Recruitment agencies

Many Dutch companies rely on recruitment agencies (uitzendbureaus) to find employees. You can visit agencies in person but there are also lots of online recruitment agencies too. See a list of recruitment agencies in the Netherlands.

They offer a wide range of jobs, such as administrative/secretarial, sales and marketing, finance, IT, HR, media, health and education, both temporary and permanent. You can look for jobs, register your details and find out what’s happening in your own field. Some offer interview coaching, IT and language tests. You can register with as many as you like to increase your chances of finding work. Read tips on working with a recruitment agencies.

Job agencies for speakers of English and other languages:


Specialist job agencies:


Job agencies for general employment:


Company websites and speculative applications
If there are no vacancies in the companies you’d like to work, consider writing to them directly ‘on spec’ with an unsolicited application. Dutch companies are happy for prospective employees to use this approach. It’s important to contact the right person though, so check out the company website or contact the company direct.

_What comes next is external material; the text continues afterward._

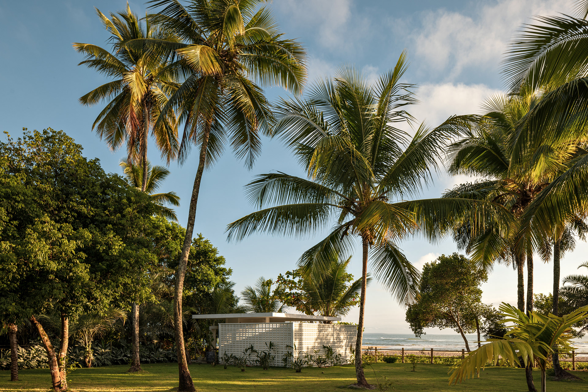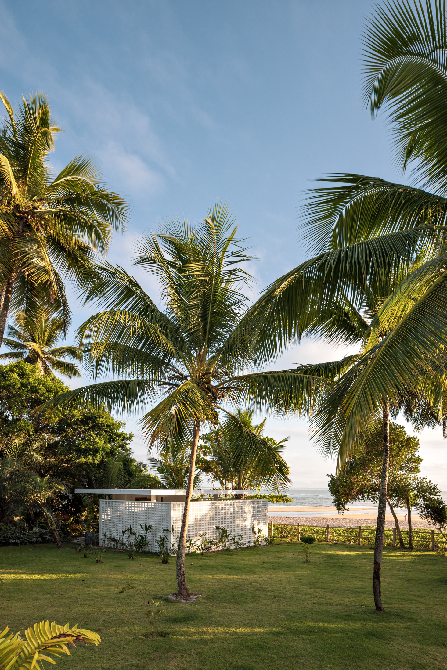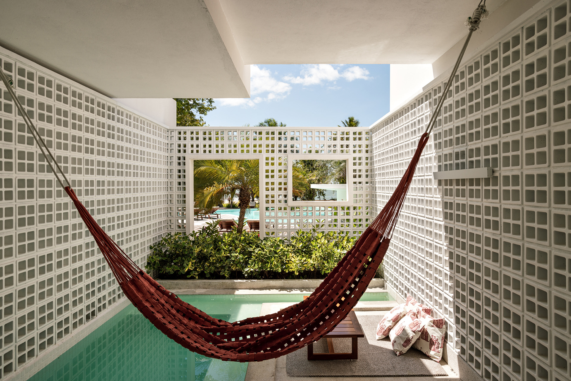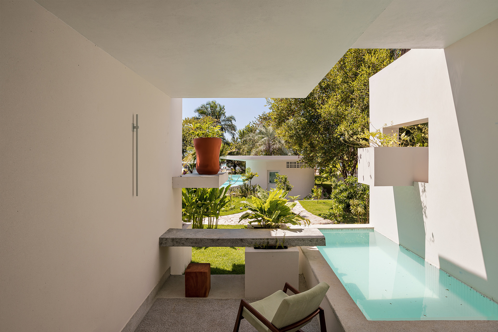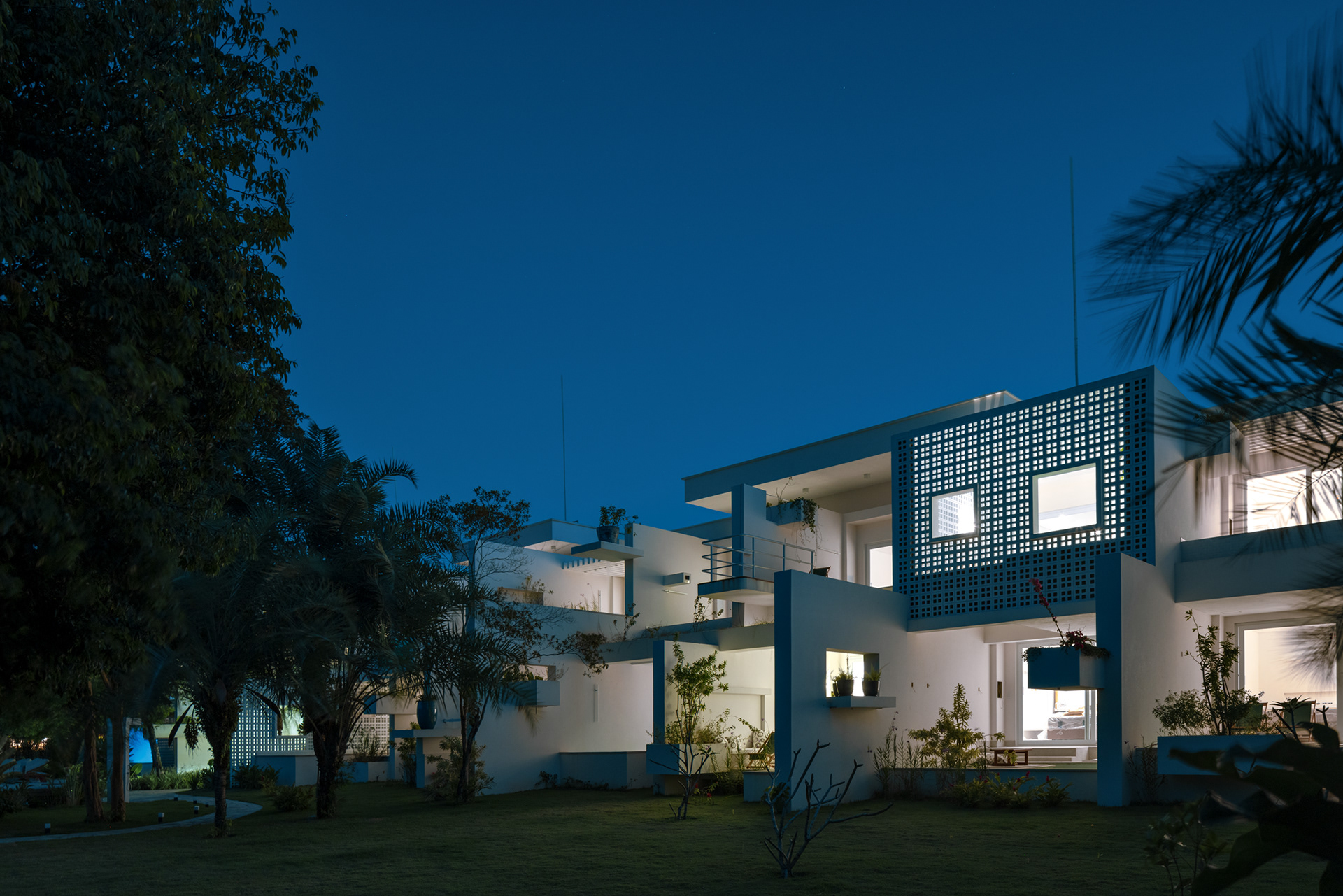 Partindo da alvenaria e concreto moldado in loco, materiais existentes na ilha e com que a mão de obra local estava acostumada, criamos diversos itens que fariam a composição dessas varandas, ora cobertas ora descobertas, piscinas em diferentes formatos, bancos, espreguiçadeiras moldadas in loco, jardineiras, bicas d’água, cobogós e etc. A partir desses elementos, surgiu uma diversidade volumétrica na fachada.

The Immigration and Naturalisation Service (IND) posts a list of recognised employers/sponsors (companies and organisations) who can bring highly skilled workers to the Netherlands with preferential immigration conditions, including not needing a work permit. Contact the individual companies on the list to find what opportunities might be available.

Dutch newspapers
There are vacancies (vacatures) advertised in Dutch print newspapers although these are generally senior positions within international companies. If that’s what you’re looking for, you can check the following newspapers in print version or see their affiliate job websites:


Networks

Finding work through both personal contacts and social media is acceptable in the Netherlands. There are many expats in the Netherlands, and by linking into this network you might find a job through word-of-mouth or a personal contact. Social media sites like LinkedIn can also help you make contacts. In the Netherlands be careful about what you post on social network sites in case a future employer searches it.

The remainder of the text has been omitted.